The library was replicated in microtitre plates and plate cultures pooled in such a way as to enable a PCR-based screen of the library [37]. A total of 271 microtitre plates of clones were used as the basis for the screen. Each plate was represented in three superpools so that, following DNA extraction, a PCR screen of 147 DNA superpools would generate three positive amplifications per positive BAC colony. Once the superpools had been created, 50 ml plastic tubes containing the pooled cultures from up to seven plates were centrifuged at 5000 rpm in a model 5403 centrifuge (Eppendorf, Hamburg, Germany). The supernatants were discarded and the pellets frozen at -80°C. BAC DNA was isolated from the stored pellets using an alkaline lysis method, which included RNase in the resuspension buffer. Superpool DNA was precipitated using isopropanol, the pellet washed with 70% ethanol and resuspended in TE.
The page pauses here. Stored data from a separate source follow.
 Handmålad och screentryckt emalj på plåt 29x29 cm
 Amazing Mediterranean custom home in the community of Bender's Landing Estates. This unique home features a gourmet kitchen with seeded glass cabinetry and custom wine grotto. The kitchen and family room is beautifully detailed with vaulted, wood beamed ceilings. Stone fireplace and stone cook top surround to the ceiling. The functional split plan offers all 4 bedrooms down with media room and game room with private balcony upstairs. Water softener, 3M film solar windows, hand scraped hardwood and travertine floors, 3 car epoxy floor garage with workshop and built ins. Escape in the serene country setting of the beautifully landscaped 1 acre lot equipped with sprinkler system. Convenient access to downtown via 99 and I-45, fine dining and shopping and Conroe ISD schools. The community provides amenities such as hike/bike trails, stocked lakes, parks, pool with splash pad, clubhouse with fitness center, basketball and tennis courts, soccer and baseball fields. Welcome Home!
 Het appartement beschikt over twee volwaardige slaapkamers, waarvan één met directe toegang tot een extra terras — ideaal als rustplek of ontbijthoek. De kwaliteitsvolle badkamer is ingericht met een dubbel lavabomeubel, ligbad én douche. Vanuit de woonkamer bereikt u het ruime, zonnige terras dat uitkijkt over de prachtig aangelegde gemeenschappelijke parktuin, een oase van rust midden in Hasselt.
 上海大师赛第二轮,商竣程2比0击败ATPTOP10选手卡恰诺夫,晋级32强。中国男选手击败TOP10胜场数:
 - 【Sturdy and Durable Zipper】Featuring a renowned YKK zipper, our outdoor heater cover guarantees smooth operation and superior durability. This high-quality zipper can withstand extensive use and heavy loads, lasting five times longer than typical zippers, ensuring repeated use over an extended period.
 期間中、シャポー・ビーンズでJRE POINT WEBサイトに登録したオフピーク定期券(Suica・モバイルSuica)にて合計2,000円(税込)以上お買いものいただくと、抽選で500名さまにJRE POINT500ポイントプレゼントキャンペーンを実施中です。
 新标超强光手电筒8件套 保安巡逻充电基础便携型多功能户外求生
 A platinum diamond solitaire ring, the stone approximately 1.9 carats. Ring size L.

PCR-based screen of the BAC library

The DNA superpools of the BAC library were screened using PCR primers for amplification of individual genes. PCR primers were designed from sequences of five T. pratense PPO genes: PPO1 [GenBank: AY017302.1], PPO2 [GenBank: AY017303.1] and PPO3 [GenBank: AY017304.1] and from partial PPO4 and PPO5 sequences identified in this study. Following the initial BAC library screen, PCR primer pairs were also designed for PPO1 variants PPO1/2, PPO1/4 and PPO1/5 (Table 2).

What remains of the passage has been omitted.